Building Real-Time Chat Agents for Financial Advisors

What's in this article:

The workflow bottleneck that financial advisors struggle with.
How we built an intelligent chat agent for financial advisors using Google ADK.
Key engineering choices that improved the chat agent's response time.
Techniques that made the agent production-ready.

The Advisor Workflow Problem

Financial advisors rely on multiple systems to manage client portfolios. A single client query requires jumping between the portfolio management system, CRM, trade logs, and real-time market feeds. Even simple questions like “Do I have spare cash to invest?” or “What’s my exposure?” often trigger a slow, error-prone search across several dashboards.

Agentic AI is fast becoming the answer to such tasks, as it cuts through fragmented data paths and brings relevant information in a single conversational interface.

This article describes the challenges involved in building an intelligent agent for financial advisors and the solutions we found.

The Data Layer Bottleneck

The first and most significant hurdle was the data layer.

We explored custom query generation (which is often a starting point for such applications), but the sheer density of the schema made it unfeasible. We were dealing with a massive ecosystem of tables where the potential for joins was countless. Fields across different tables often looked identical, and this confused the LLMs. Even with robust few-shot examples, the models could not reliably navigate the relationships between tables. It soon became clear that this approach lacks the necessary generalization for a production environment.

This made us re-evaluate our strategy.

Solving the Problem Through API Abstraction

The breakthrough came when we shifted focus from direct database interaction to the existing application APIs.

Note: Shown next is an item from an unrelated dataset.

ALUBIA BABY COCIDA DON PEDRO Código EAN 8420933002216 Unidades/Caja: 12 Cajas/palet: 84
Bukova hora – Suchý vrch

The decision to reuse the existing APIs gave us two clear advantages. Firstly, it simplified development by eliminating the need to build a separate backend layer. The decision to reuse the existing APIs gave us two clear advantages. Firstly, it simplified development by eliminating the need to build a separate backend layer. Secondly, it guaranteed data consistency because the chat agent and the advisor dashboard would from the same endpoints.

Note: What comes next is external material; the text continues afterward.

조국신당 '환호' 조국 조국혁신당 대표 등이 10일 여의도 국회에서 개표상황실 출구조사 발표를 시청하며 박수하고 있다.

We structured the agent’s capabilities around a well-defined set of tools that enable the LLM to query enterprise APIs securely. To optimize performance, we also implemented a filtering layer to handle pagination and ensure the API responses remain within the LLM’s context window.

Examples of functions we used include:

list_accounts(with filters): Identifies accounts and returns aggregate data. Filters can narrow results by state, available balance, or risk profile.
get_position(stock_ticker): Retrieves total exposure to a specific stock, such as GOOG or AAPL.
get_portfolio_health_summary(client_id, time_period): Calls multiple APIs to fetch performance data, compare asset allocation against the client's risk profile from the CRM, and generate a concise summary.
get_transactions(client_id): Returns all trades and cash movements for a given client.
get_activities(stock_ticker): Provides a list of corporate actions for a particular stock.

How We Designed the AI Agent

Rather than adopt a single, monolithic model, we went for a modular design using Google's Agent Development Kit (ADK).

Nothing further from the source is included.